- WORK TO BE COMPLETED
There is material below. Print exactly the lines starting at the line with "vert; BAG S1." and ending at the line with "A grande vantagem", ends included, and no others.
--- MATERIAL TO PROCESS Enclosed Below ---
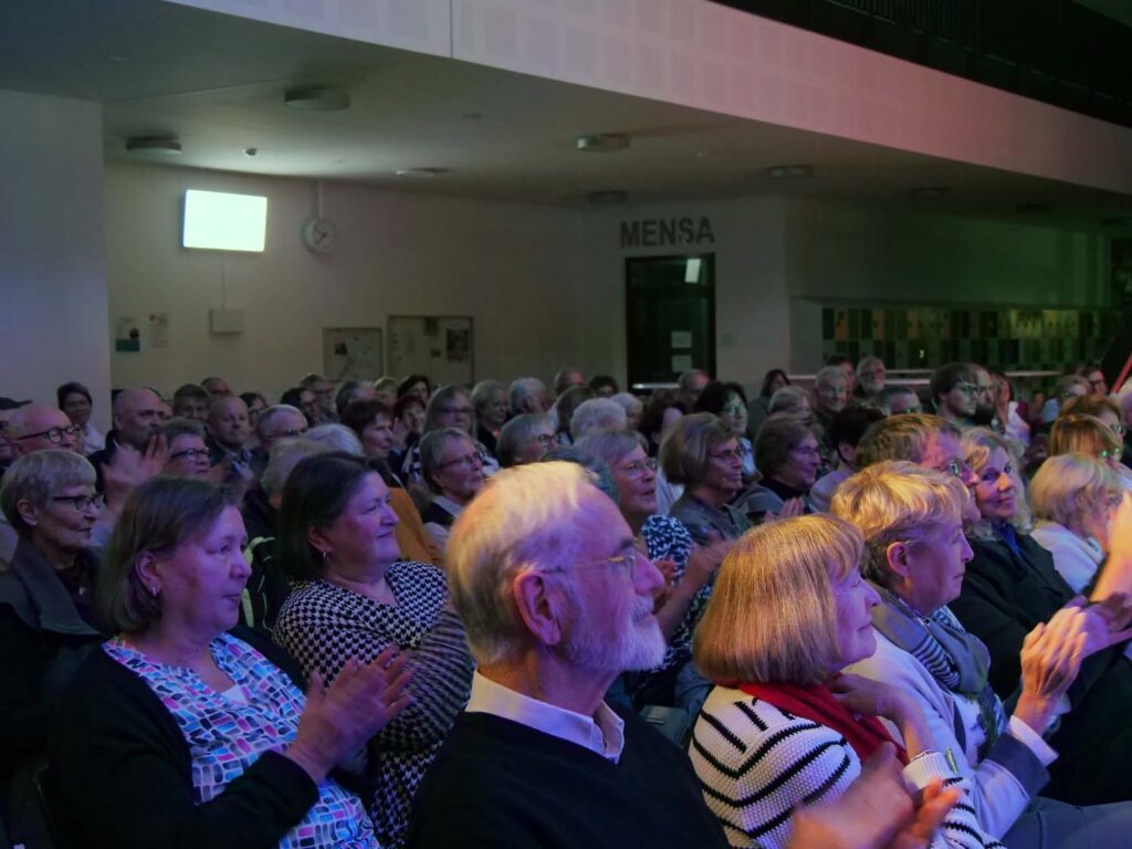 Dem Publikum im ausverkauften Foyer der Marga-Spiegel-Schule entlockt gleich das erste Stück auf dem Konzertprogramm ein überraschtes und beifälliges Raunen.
--- End of Enclosed MATERIAL TO PROCESS ---
--- MATERIAL TO PROCESS Enclosed Below ---
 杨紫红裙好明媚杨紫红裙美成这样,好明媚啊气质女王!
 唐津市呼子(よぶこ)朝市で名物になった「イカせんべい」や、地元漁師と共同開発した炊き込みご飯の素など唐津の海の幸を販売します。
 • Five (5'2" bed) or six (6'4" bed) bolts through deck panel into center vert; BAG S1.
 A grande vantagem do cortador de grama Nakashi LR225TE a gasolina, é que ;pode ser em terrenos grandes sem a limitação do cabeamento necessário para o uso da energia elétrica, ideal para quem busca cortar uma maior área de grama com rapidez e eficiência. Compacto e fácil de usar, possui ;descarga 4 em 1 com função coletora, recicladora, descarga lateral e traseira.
--- End of Enclosed MATERIAL TO PROCESS ---
- RESULT OF THE TASK
 • Five (5'2" bed) or six (6'4" bed) bolts through deck panel into center vert; BAG S1.
 A grande vantagem do cortador de grama Nakashi LR225TE a gasolina, é que ;pode ser em terrenos grandes sem a limitação do cabeamento necessário para o uso da energia elétrica, ideal para quem busca cortar uma maior área de grama com rapidez e eficiência. Compacto e fácil de usar, possui ;descarga 4 em 1 com função coletora, recicladora, descarga lateral e traseira.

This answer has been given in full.